• **Exercise**
Restate the data word for word and leave the images out.

• **Recorded data**
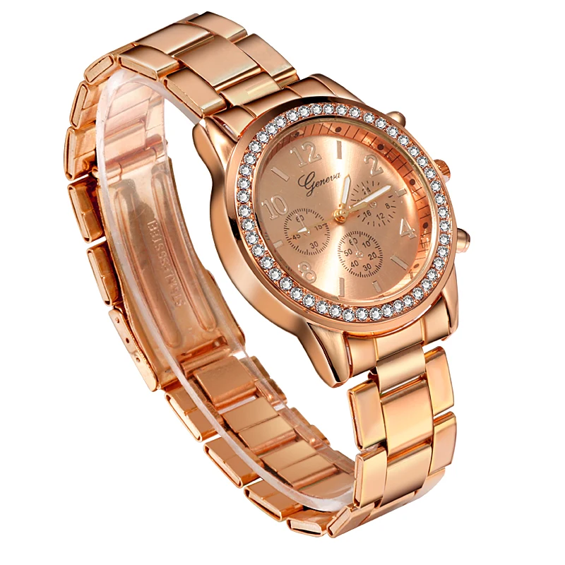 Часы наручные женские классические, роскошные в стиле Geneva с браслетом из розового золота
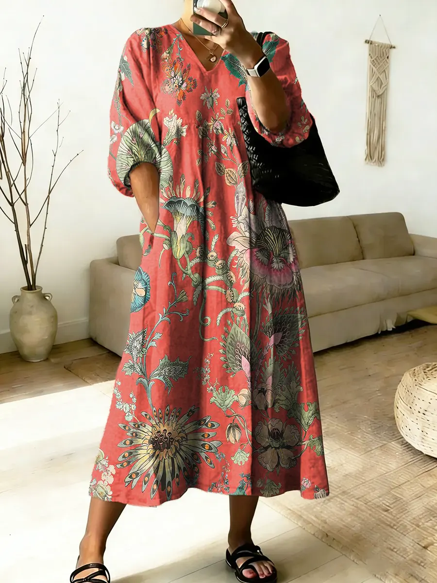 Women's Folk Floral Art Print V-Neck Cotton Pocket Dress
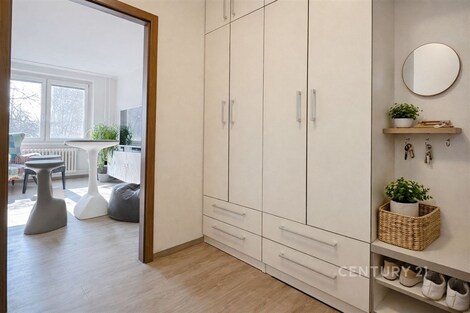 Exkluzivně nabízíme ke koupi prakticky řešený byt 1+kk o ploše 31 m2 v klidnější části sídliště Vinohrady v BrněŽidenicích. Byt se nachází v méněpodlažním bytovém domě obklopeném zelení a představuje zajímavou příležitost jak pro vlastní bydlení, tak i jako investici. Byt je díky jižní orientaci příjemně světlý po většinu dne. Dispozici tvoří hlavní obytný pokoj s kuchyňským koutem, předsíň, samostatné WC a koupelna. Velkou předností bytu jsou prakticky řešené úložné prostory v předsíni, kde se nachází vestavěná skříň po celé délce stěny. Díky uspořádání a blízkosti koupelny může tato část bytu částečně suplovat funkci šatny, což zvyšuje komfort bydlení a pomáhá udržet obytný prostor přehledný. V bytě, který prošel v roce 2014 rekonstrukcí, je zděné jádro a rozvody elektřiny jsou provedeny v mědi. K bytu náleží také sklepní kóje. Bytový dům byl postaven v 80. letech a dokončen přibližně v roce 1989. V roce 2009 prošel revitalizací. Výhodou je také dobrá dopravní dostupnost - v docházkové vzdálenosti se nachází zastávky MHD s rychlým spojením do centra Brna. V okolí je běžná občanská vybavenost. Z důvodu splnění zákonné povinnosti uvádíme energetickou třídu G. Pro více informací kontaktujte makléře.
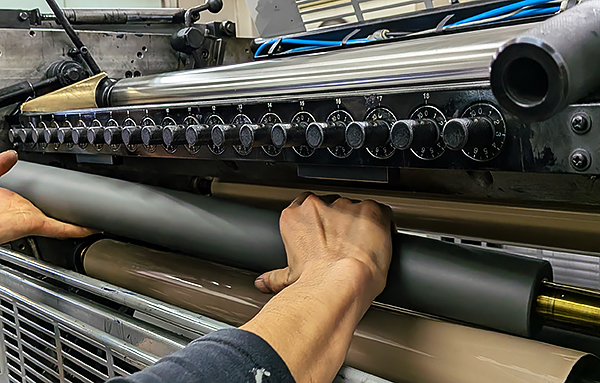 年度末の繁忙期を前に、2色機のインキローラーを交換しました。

• **Task answer**
 Часы наручные женские классические, роскошные в стиле Geneva с браслетом из розового золота
 Women's Folk Floral Art Print V-Neck Cotton Pocket Dress
 Exkluzivně nabízíme ke koupi prakticky řešený byt 1+kk o ploše 31 m2 v klidnější části sídliště Vinohrady v BrněŽidenicích. Byt se nachází v méněpodlažním bytovém domě obklopeném zelení a představuje zajímavou příležitost jak pro vlastní bydlení, tak i jako investici. Byt je díky jižní orientaci příjemně světlý po většinu dne. Dispozici tvoří hlavní obytný pokoj s kuchyňským koutem, předsíň, samostatné WC a koupelna. Velkou předností bytu jsou prakticky řešené úložné prostory v předsíni, kde se nachází vestavěná skříň po celé délce stěny. Díky uspořádání a blízkosti koupelny může tato část bytu částečně suplovat funkci šatny, což zvyšuje komfort bydlení a pomáhá udržet obytný prostor přehledný. V bytě, který prošel v roce 2014 rekonstrukcí, je zděné jádro a rozvody elektřiny jsou provedeny v mědi. K bytu náleží také sklepní kóje. Bytový dům byl postaven v 80. letech a dokončen přibližně v roce 1989. V roce 2009 prošel revitalizací. Výhodou je také dobrá dopravní dostupnost - v docházkové vzdálenosti se nachází zastávky MHD s rychlým spojením do centra Brna. V okolí je běžná občanská vybavenost. Z důvodu splnění zákonné povinnosti uvádíme energetickou třídu G. Pro více informací kontaktujte makléře.
 年度末の繁忙期を前に、2色機のインキローラーを交換しました。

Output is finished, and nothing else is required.